■ **Work to be completed**
Beginning at the line containing "и настоящей доблести.", give again every line through the end of the data, unchanged and with both ends included. Drop any pictures.

■ **Dataset content**
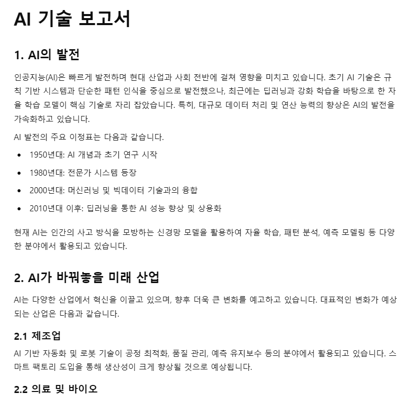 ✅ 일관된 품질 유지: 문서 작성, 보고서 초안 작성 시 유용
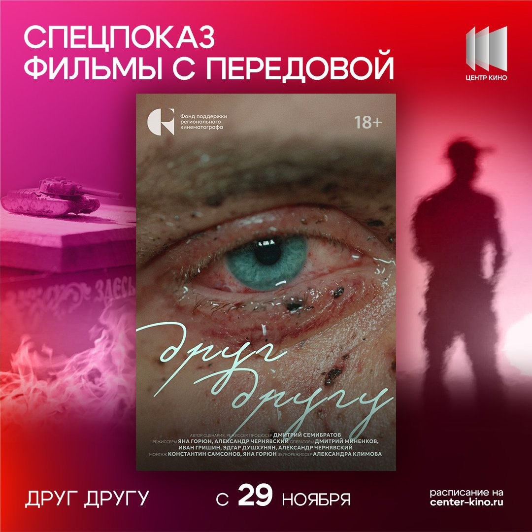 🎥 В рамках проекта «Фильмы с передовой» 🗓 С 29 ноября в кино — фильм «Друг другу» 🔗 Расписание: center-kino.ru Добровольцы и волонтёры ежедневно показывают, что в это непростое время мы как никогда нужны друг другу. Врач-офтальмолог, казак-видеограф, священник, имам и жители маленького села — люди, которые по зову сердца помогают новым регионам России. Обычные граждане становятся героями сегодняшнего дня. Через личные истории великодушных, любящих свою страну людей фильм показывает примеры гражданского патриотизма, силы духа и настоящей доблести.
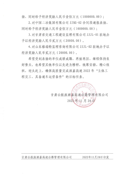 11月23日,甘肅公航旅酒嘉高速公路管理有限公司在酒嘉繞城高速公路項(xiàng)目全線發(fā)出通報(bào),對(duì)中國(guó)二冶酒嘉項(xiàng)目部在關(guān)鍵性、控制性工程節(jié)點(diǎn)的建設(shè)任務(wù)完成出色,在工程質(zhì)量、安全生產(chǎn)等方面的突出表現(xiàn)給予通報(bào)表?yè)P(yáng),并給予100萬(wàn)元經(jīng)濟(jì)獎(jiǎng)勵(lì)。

■ **Exercise answer**
 🎥 В рамках проекта «Фильмы с передовой» 🗓 С 29 ноября в кино — фильм «Друг другу» 🔗 Расписание: center-kino.ru Добровольцы и волонтёры ежедневно показывают, что в это непростое время мы как никогда нужны друг другу. Врач-офтальмолог, казак-видеограф, священник, имам и жители маленького села — люди, которые по зову сердца помогают новым регионам России. Обычные граждане становятся героями сегодняшнего дня. Через личные истории великодушных, любящих свою страну людей фильм показывает примеры гражданского патриотизма, силы духа и настоящей доблести.
 11月23日,甘肅公航旅酒嘉高速公路管理有限公司在酒嘉繞城高速公路項(xiàng)目全線發(fā)出通報(bào),對(duì)中國(guó)二冶酒嘉項(xiàng)目部在關(guān)鍵性、控制性工程節(jié)點(diǎn)的建設(shè)任務(wù)完成出色,在工程質(zhì)量、安全生產(chǎn)等方面的突出表現(xiàn)給予通報(bào)表?yè)P(yáng),并給予100萬(wàn)元經(jīng)濟(jì)獎(jiǎng)勵(lì)。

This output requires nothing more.